EXERCISE DETAILS: Copy out the listing below exactly, please, and skip any pictures.

THE DATA:
------------------------------

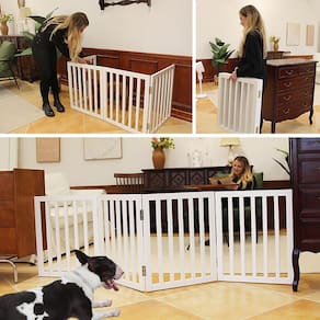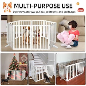 O SFJC Dog Gate é uma opção versátil para proteger e impedir que seu novo filhote ou gatinho explore muito a casa. Este portão para animais de estimação possui um design articulado semelhante a um acordeão que permite dobrá-lo para caber em quase qualquer porta ou corredor. A peça é feita de madeira resistente com dobradiças de metal duráveis. As ripas largas fornecem uma barreira segura sem que seu animal de estimação se sinta completamente isolado da família. CARACTERÍSTICAS: 1?Expandido para acomodar quase qualquer largura 2?Chega totalmente montado 3?Design dobrável e independente 4?Adequado para cães de todos os tamanhos e raças 5?A porta para cães é feita de madeira natural 6?Pés de plástico resistentes e antiderrapantes que mantêm seus pisos protegidos contra arranhões 7?Visual elegante e elegante com qualquer variedade de estilos de decoração - ?Material de portão dobrável de madeira?O portão interno para cães é feito de madeira 100% natural, a madeira natural é conhecida por sua resistência e durabilidade, beleza natural, selada com tinta especial para manter o desgaste e resistente à corrosão. Os pés de plástico antiderrapantes da cerca para cães protegem seu chão - ?Design dobrável e expansível? O portão dobrável para cães SFJC é independente e pode ser dobrado em forma de Z amplo que permite que você o use em portas internas, portões duplos ou portas padrão, quartos, escadas ou qualquer lugar da sua casa - ?3 painéis? A cerca para cães é construída com 3 painéis separados, presos junto com dobradiças resistentes de aço inoxidável - ?Não é necessário montar? Os portões para cães já vêm completamente montados, basta desdobrar o portão do animal de estimação e usar o portão para filhotes na área que você precisa. Este portão para cães é uma excelente maneira de restringir o acesso do seu cão a partes da sua casa, mantendo um visual moderno - ?Tamanho?: Tamanho aberto: L 152 cm * P 0,190 cm (A) 81 cm; Tamanho dobrado: L 50 cm * P 6 cm x A 81 cm
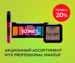 | Описание акции: | Покупайте акционный ассортимент NYX Professional Makeup со скидкой 20%!![]() | ||||||
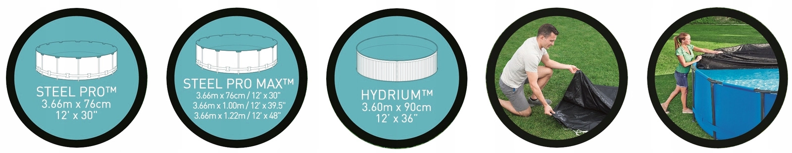 Popolnoma ustreza okroglim bazenom premera 366 cm. Združljivo s serijami Steel Pro MAX, Steel Pro in Hydrium Splasher.

------------------------------

SOLUTION BELOW:
 O SFJC Dog Gate é uma opção versátil para proteger e impedir que seu novo filhote ou gatinho explore muito a casa. Este portão para animais de estimação possui um design articulado semelhante a um acordeão que permite dobrá-lo para caber em quase qualquer porta ou corredor. A peça é feita de madeira resistente com dobradiças de metal duráveis. As ripas largas fornecem uma barreira segura sem que seu animal de estimação se sinta completamente isolado da família. CARACTERÍSTICAS: 1?Expandido para acomodar quase qualquer largura 2?Chega totalmente montado 3?Design dobrável e independente 4?Adequado para cães de todos os tamanhos e raças 5?A porta para cães é feita de madeira natural 6?Pés de plástico resistentes e antiderrapantes que mantêm seus pisos protegidos contra arranhões 7?Visual elegante e elegante com qualquer variedade de estilos de decoração - ?Material de portão dobrável de madeira?O portão interno para cães é feito de madeira 100% natural, a madeira natural é conhecida por sua resistência e durabilidade, beleza natural, selada com tinta especial para manter o desgaste e resistente à corrosão. Os pés de plástico antiderrapantes da cerca para cães protegem seu chão - ?Design dobrável e expansível? O portão dobrável para cães SFJC é independente e pode ser dobrado em forma de Z amplo que permite que você o use em portas internas, portões duplos ou portas padrão, quartos, escadas ou qualquer lugar da sua casa - ?3 painéis? A cerca para cães é construída com 3 painéis separados, presos junto com dobradiças resistentes de aço inoxidável - ?Não é necessário montar? Os portões para cães já vêm completamente montados, basta desdobrar o portão do animal de estimação e usar o portão para filhotes na área que você precisa. Este portão para cães é uma excelente maneira de restringir o acesso do seu cão a partes da sua casa, mantendo um visual moderno - ?Tamanho?: Tamanho aberto: L 152 cm * P 0,190 cm (A) 81 cm; Tamanho dobrado: L 50 cm * P 6 cm x A 81 cm
 | Описание акции: | Покупайте акционный ассортимент NYX Professional Makeup со скидкой 20%!![]() | ||||||
 Popolnoma ustreza okroglim bazenom premera 366 cm. Združljivo s serijami Steel Pro MAX, Steel Pro in Hydrium Splasher.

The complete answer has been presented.